Прасковья не любила эту тропинку, которая петляла вдоль покосившегося забора. Забор был старый, во многих местах он накренился. Игнат подымал его, подставлял подпорки; их приходилось то и дело обходить, пока не дойдешь до пажи.
Головастые будылья чернобыльника уже высохли, стали коричневыми. Меж ними смотрелись голубые глаза цикория, цветущие до самых первых морозов. Прасковья любила цикорий. Но ей некогда было любоваться цветами: каждый раз она спешила.
Она и сегодня спешила.
За огородом — пустынным, прибранным к зиме, — сразу же начинался выпас. В старину на этом месте был большой барский сад, он простирался до самой Оки. Луг и поныне зовут «барским».
Но Прасковья не застала уже тут сада. Всегда, сколько она помнит, до самой реки была пустошь, испятненная оспинами канав.
Прасковья шла в летний лагерь. И думы ее все больше были о прошлом. Сколько ребятишек играло на паже перед войной.
Теперь никто тут не бегал, не играл в лапту. Ребята гоняют на мотороллерах да на велосипедах вдоль улицы, по шоссе. А как выучатся, так разбегаются во все концы; никто в деревне не остается.
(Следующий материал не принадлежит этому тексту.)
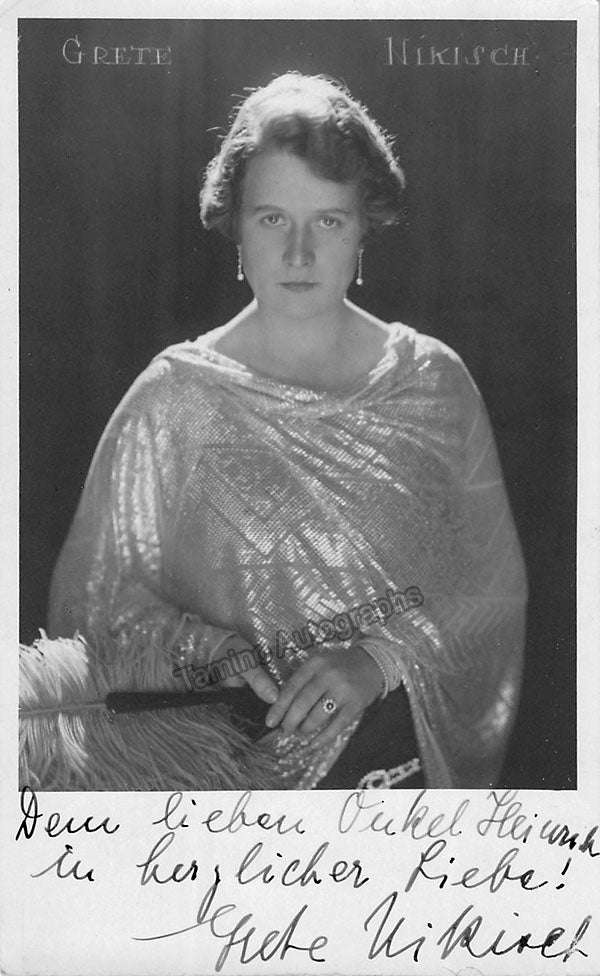 Collectors of soprano autographs, vintage opera photography, and classical music memorabilia will recognize the value of a well-preserved Grete Merrem-Nikisch autograph such as this. Ideal for framing or archival storage, this signed postcard makes a refined and historically meaningful addition to any serious collection.

Издали видны были коровы, стоявшие двумя рядами. Доярки с машины бросали в кормушки зеленую подкормку.
Бывало, с этим делом потихоньку справлялся Игнат. Он окашивал межи, лужки, которые зеленели отавой. Но как стал новый председатель, так он вместо лошади, распорядился возить подкормку машиной — сподручнее и быстрей. Игнат иногда и ходил на конюшню, но Воронка своего не запрягал больше. Траву теперь на самосвале возят. И раздают ее быстро. Пока коровы едят, надо успеть подоить их.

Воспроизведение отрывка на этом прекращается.